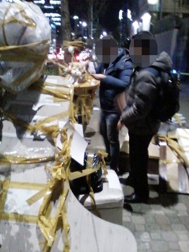 この男性たちは、今年1月から少女像の周りに、このような宣伝物とゴミを付けて、これをはずす少女像を守る会員・市民と葛藤をもたらしてきた。
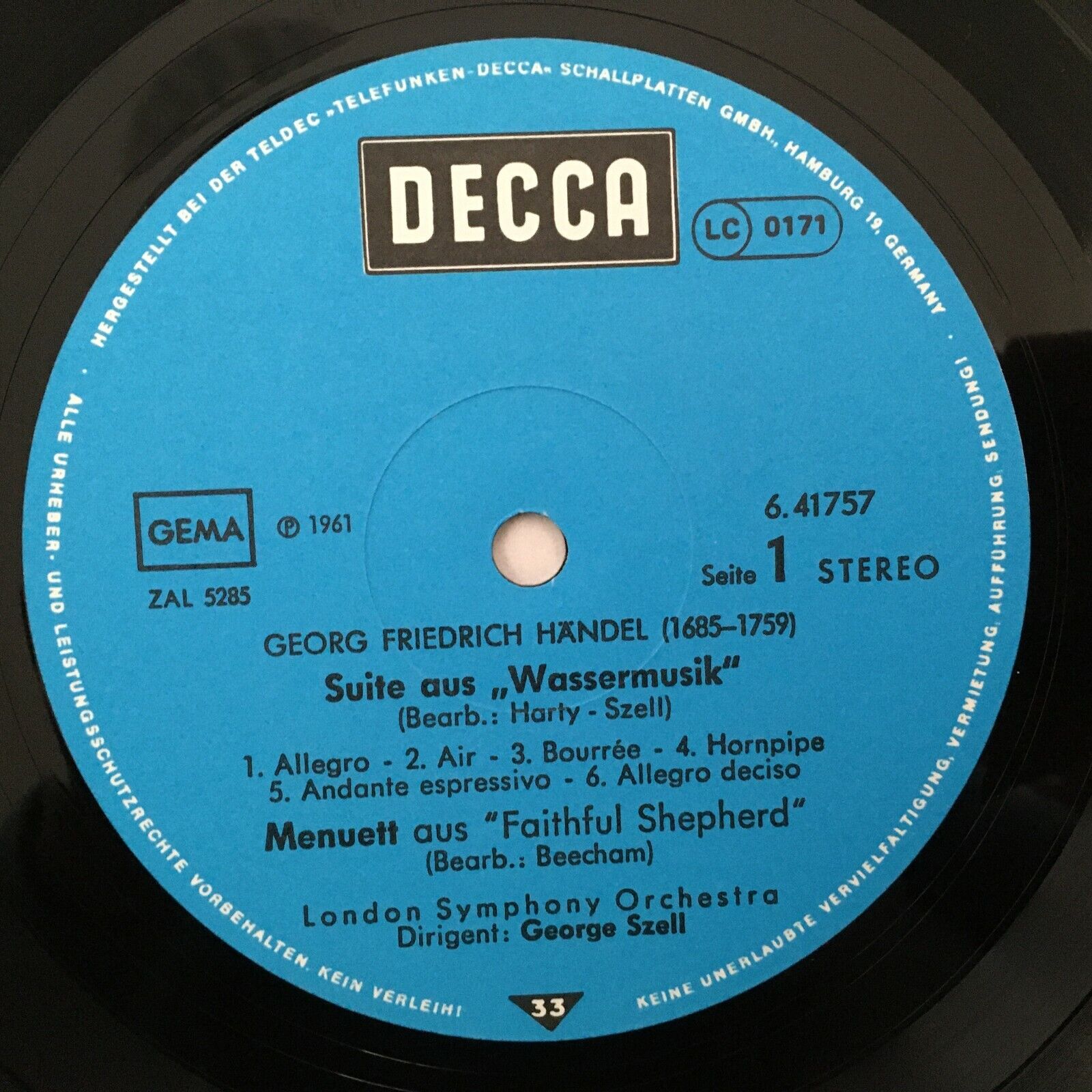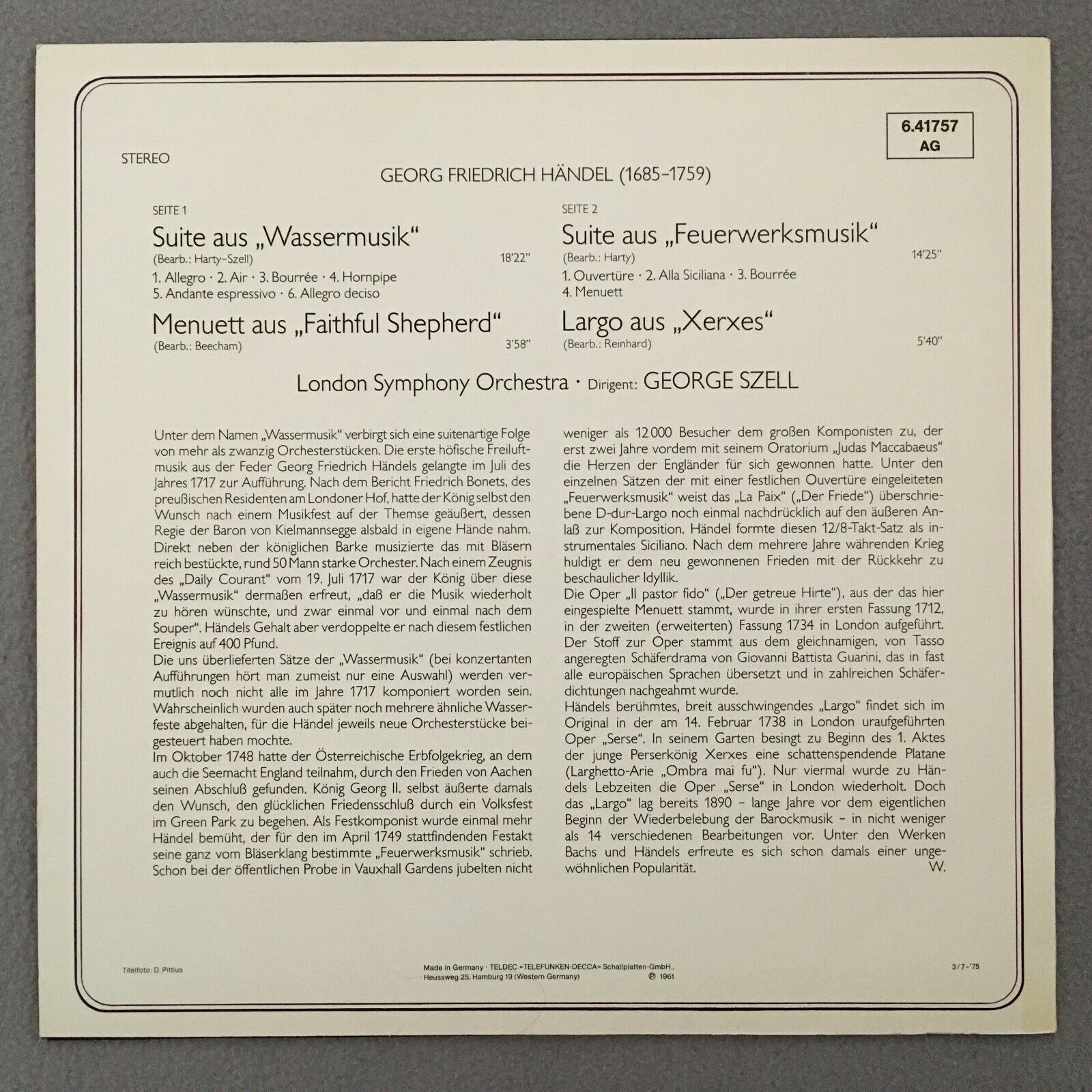 R181 Handel Fireworksmusic Watermusic Szell DECCA 6.41757 AG Stereo
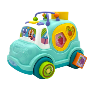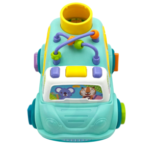 Brändi Woopie Musical Sorter on võluv pastelsetes toonides mänguauto, mis rõõmustab iga väikelast. See pakub palju võimalusi suhtlemiseks ja meelte stimuleerimiseks ning arendab ka lapse motoorseid ja loogilisi oskusi. Sisselülitamisel kostab auto müra, teeb mootorimüra ja mängib meeldivaid meloodiaid, mis ärgitavad last edasi mängima ja pakuvad talle rõõmu. Mänguautol on palju elemente, millega manipuleerida ja avastada. Laps saab kaasasoleva haamriga auto sees värvilisi palle lüüa. Seejärel lendavad pallid läbi sõiduki tagaluugi, mis pakub lapsele lisarõõmu ja üllatust. Auto külgedel on erineva kujuga augud ning mänguasjaga on kaasas värvilised klotsid, mis neisse aukudesse sobivad. Laps saab mängida, sobitades klotsid sobivate kujunditega, mis aitab tal arendada käe-silma koordinatsiooni ning värvide ja puuviljade äratundmist. Ratastel on ka klotsid, mida väikelaps saab vabalt välja võtta ja uuesti kokku panna. Helmed katusel, mida laps saab liigutada, harjutavad lapse osavust ja keskendumist. Omadused: – mänguasi, mis on mõeldud lastele alates 18. elukuust – võluv ja meeldiv välimus pastelsetes toonides – ideaalsed mõõdud väikestele kätele – sisaldab elemente manipuleerimiseks ja avastamiseks: kuulid, haamer, klotsid, helmed – eemaldatava esiklaasi taha asetatud patareid ja lüliti – mänguasi töötab 2×1,5 V AAA patareidega – motoorsete oskuste arendamise akud (ei kuulu komplekti)
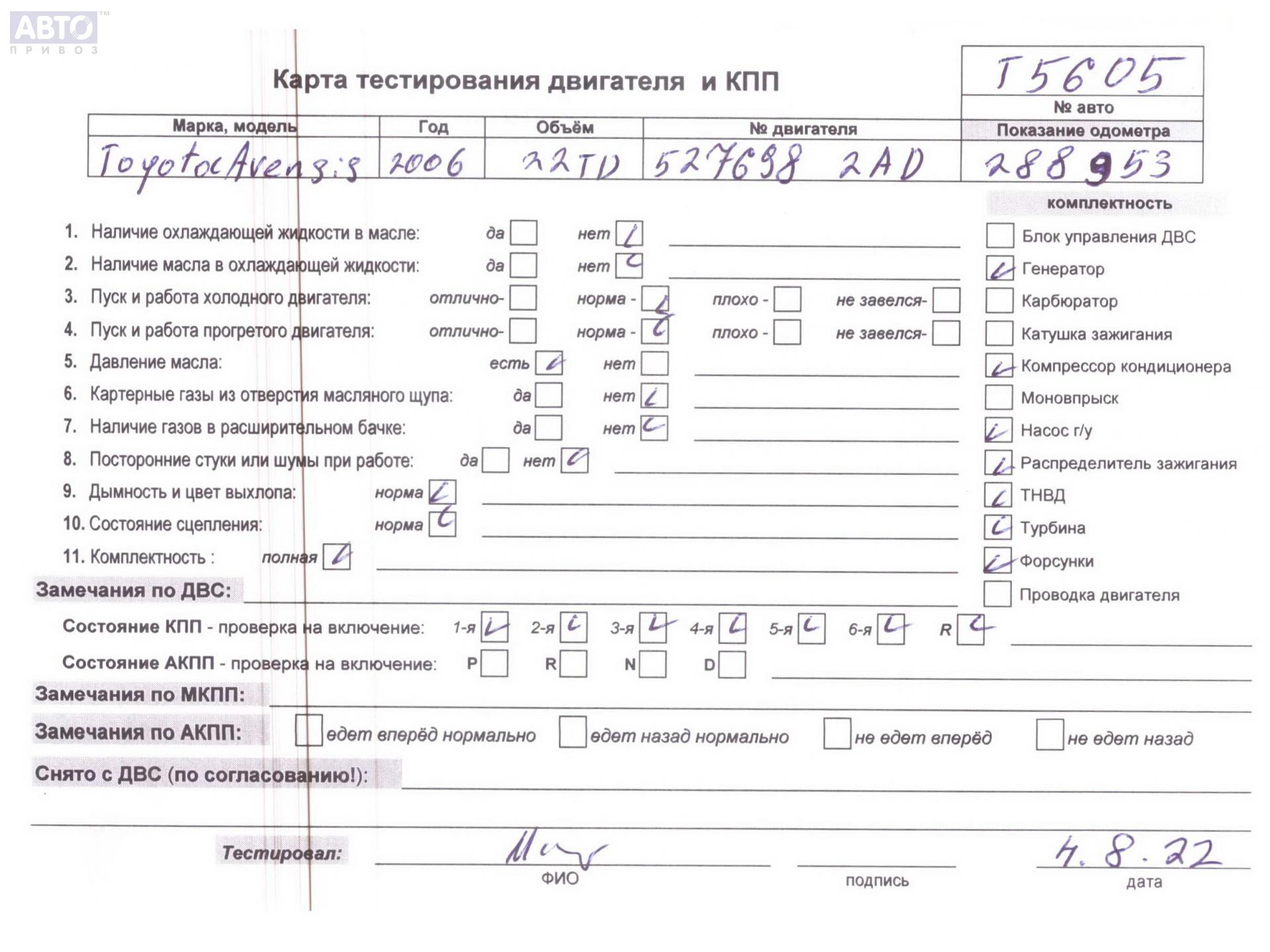 | Марка / Модель / Год: | Toyota Avensis (2003-2008) 2006 |

● ● ● ● ●

> [GOAL OF THE EXERCISE] Write out the lines of the material above exactly, from its first line through the line that contains "R181 Handel Fireworksmusic", so that no picture appears in the copy.

> [RESPONSE TO THIS TASK]
 この男性たちは、今年1月から少女像の周りに、このような宣伝物とゴミを付けて、これをはずす少女像を守る会員・市民と葛藤をもたらしてきた。
 R181 Handel Fireworksmusic Watermusic Szell DECCA 6.41757 AG Stereo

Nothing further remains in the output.